The Berkeley Science Review: Articles

Watching the Watershed
Wireless sensor networks uncover the real water cycle (view PDF)
by Tim De Chant

"Water, water, everywhere, / Nor any drop to drink." These words, written by Samuel Taylor Coleridge in the 18th century, may soon describe the 21st. In fact, access to fresh water is already an issue of global concern. The genocide in Darfur may have brought forth underlying social tensions, but the conflict is largely the result of a drought that forced the nomadic and Islamic Baggara people south onto non-Arab farming land. Further east, the Himalayan glaciers that feed many of Asia's largest river systems could disappear in the next 20 years, leaving 2.4 billion people on the brink of disaster. Worldwide, the United Nations estimates that over one billion people already do not have access to fresh water, a number predicted to increase over the next 50 years.

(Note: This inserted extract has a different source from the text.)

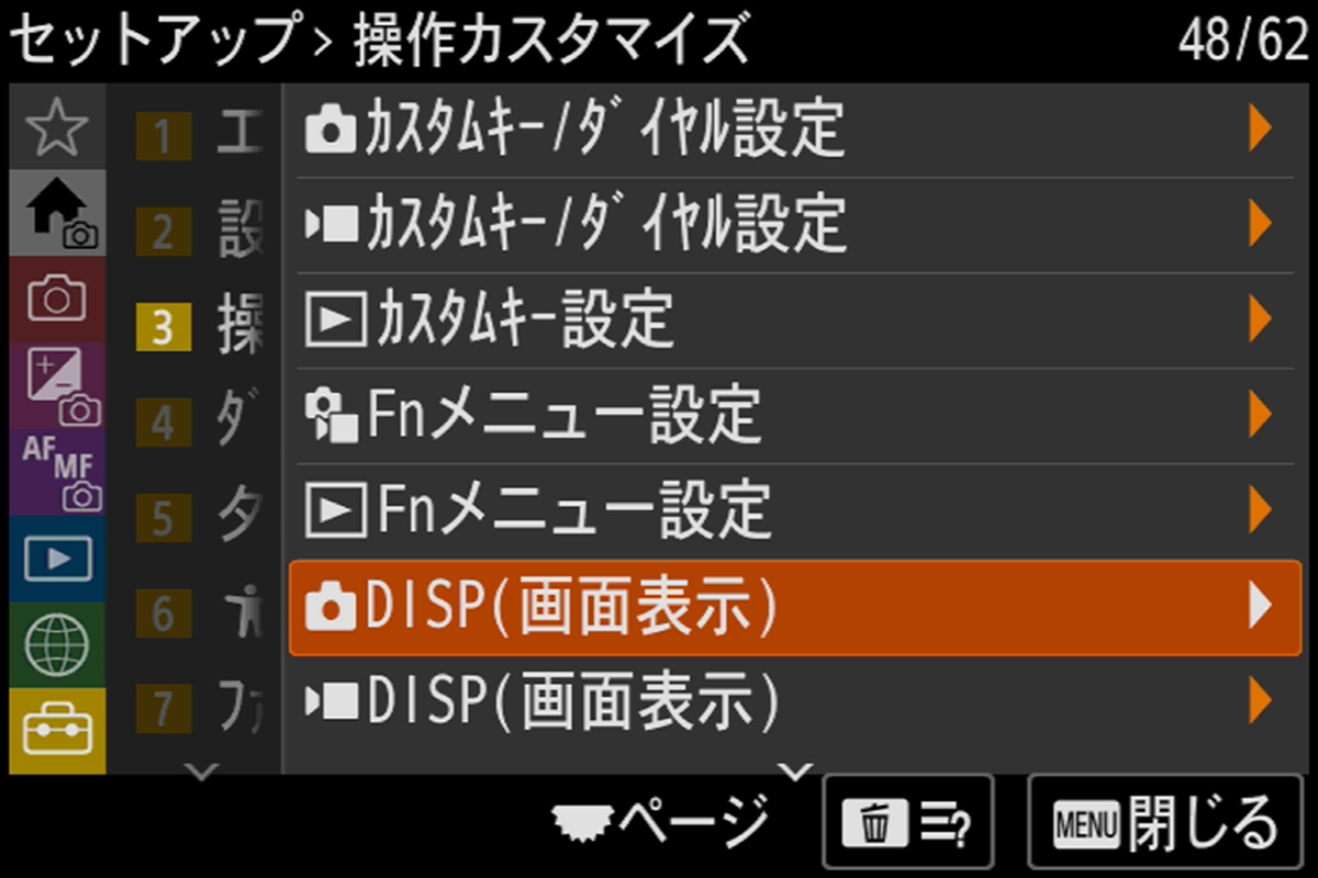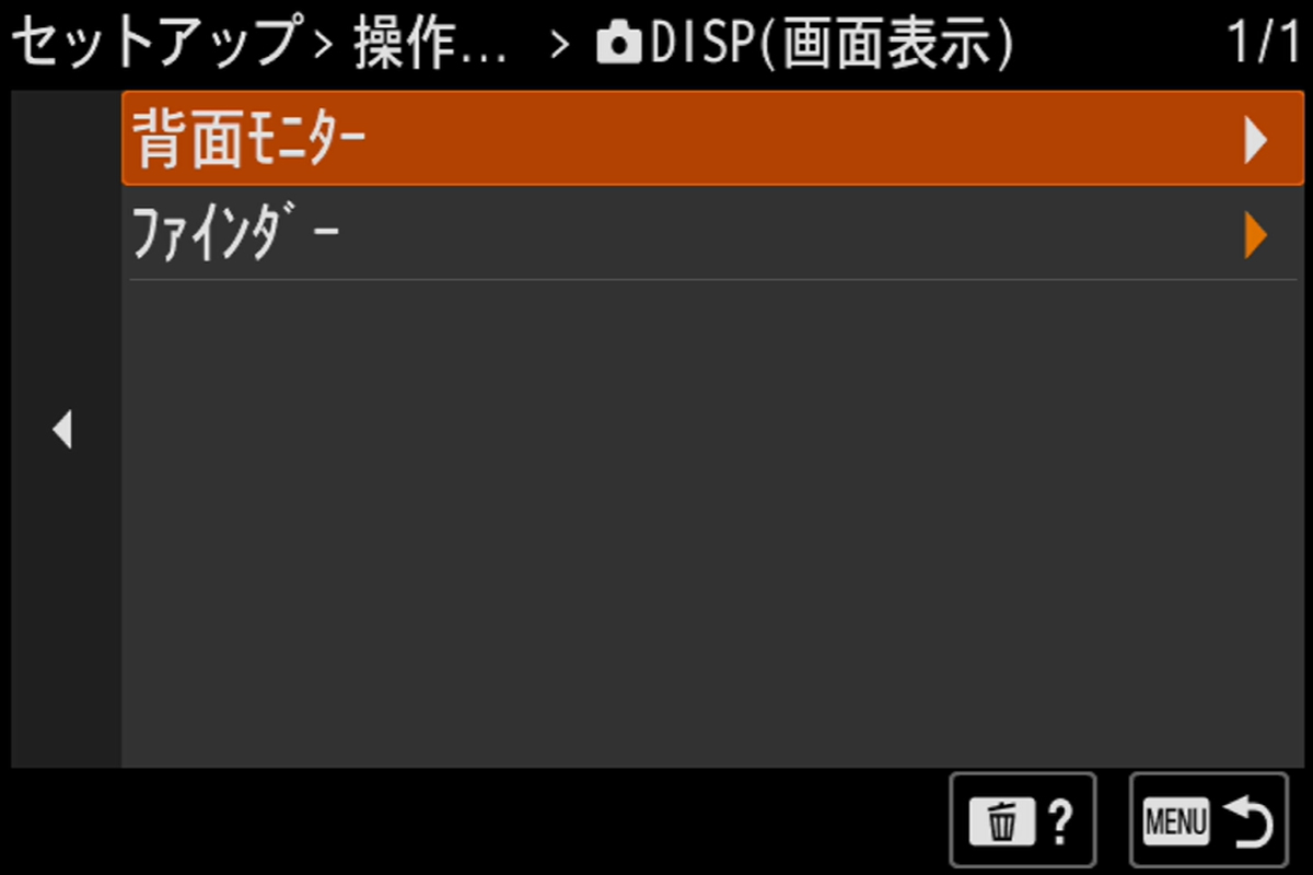 画面表示の設定場所は、MENU→(セットアップ)→[操作カスタマイズ]→[DISP(画面表示)]→[背面モニター]または[ファインダー]から。

Population growth is a large part of the problem, but climate change is the compounding factor that can turn water shortages into disasters. Understanding climate change is the first step in developing strategies to deal with impending crises that could threaten global supplies for drinking, sanitation, and irrigation. At the same time, even our understanding of the seemingly simple process of the water cycle is still mired in uncertainty. Scientists involved in UC Berkeley's Keck HydroWatch Center, established in 2006, are hoping to correct our sketchy comprehension of the water cycle by delving into a study so detailed that the water will have nowhere to hide.

Water world
To fully appreciate the mechanisms underlying climate change, we must first understand the water cycle and its relationship to the climate. To do this, we must be able to accurately and precisely track water's detailed movements within a given area. Years of scientific research have provided a somewhat coarse understanding of the water cycle. Evaporation from oceans, lakes, and streams, and the release of water from plants (known as transpiration) are the primary drivers of atmospheric water content, commonly referred to as humidity. As humidity builds, clouds begin to form and, when fully saturated, water precipitates out and hits the earth as rain or snow. This precipitation either runs off into streams and rivers or seeps directly into the soil. The water's eventual re-evaporation completes the cycle. This basic model is well-known, but many finer details, such as the daily water use of a single tree or how much soil moisture influences atmospheric water content, are still murky. Vital questions remain unanswered because current methods for studying the hydrologic cycle are lacking. As Jim Kirchner, professor of earth and planetary science and HydroWatch principal investigator, puts it, "It's like trying to understand a Beethoven symphony when we can only hear a note every minute or two."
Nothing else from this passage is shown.